In a bid to demonstrate overclocking advantages of its new X299 platform as well as the Kaby Lake-X processor over “typical” Kaby Lake-S chips in LGA1151 packaging accompanies by the Z170/Z270 PCH, Intel and its partners organized “Performance Matters” event during Computex 2017. During the event, world’s renowned overclockers, including Der8auer, Dancop and Shamino attempted to set new records in KBL overclocking using liquid helium (LHe) cooling.

As Intel promised, the new CPUs in LGA2066 packaging outperformed processors with similar dies in LGA1151 form-factor. For example, Der8auer has managed to push the Core i7-7740X CPU to 7577.1 MHz with 1.99 Vcore with all four cores (sans Hyper-Threading) enabled. This is a noticeable improvement over Der8auer’s previous record set earlier this year, when he overclocked the Core i7-7700K to 7328.3 MHz (in 4C/8T config) on an ASUS Z270 motherboard under liquid helium. Both CPUs were delidded and their thermal interfaces were replaced with a new compound.

Keep in mind that when Der8auer overclocked his Core i7-7700K in January, he did it in a regular room with normal temperature and humidity. The “Performance Matter” event was held outside at 26°C – 27°C with high humidity, which somewhat handicapped the new Core i7-7740X. Without such a handicap, the results could have been better.

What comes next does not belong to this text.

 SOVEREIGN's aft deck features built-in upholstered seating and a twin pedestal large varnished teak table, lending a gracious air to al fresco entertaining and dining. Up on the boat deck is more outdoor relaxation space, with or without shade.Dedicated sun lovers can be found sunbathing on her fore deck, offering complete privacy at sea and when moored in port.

The almost 250 MHz difference between results demonstrated by KBL die in LGA1151 and LGA2066 packaging proves that the latter have a higher overclocking potential (assuming that we are dealing with cherry-picked processors that can handle high voltages, ultra-low temperatures, etc.). There are multiple reasons why the Kaby Lake-X outperform their regular counterparts: an improved power supply circuitry of the 2066-pin form-factor, fused-off iGPU (effectively increases dissipating die area), a larger PCB (that also dissipates heat and when it comes to extreme overclocking its dissipation matters, which is why professional overclockers put that much thermal paste on their CPUs) and somewhat better binning along with higher TDP.

From an end-user point of view, extreme LHe overclocking does not make a lot of sense – this is Formula 1 of computing and you don’t drive an F1 car to groceries. Meanwhile, the aforementioned 250 MHz difference clearly shows advantages of the Intel X299 platform over the Z270.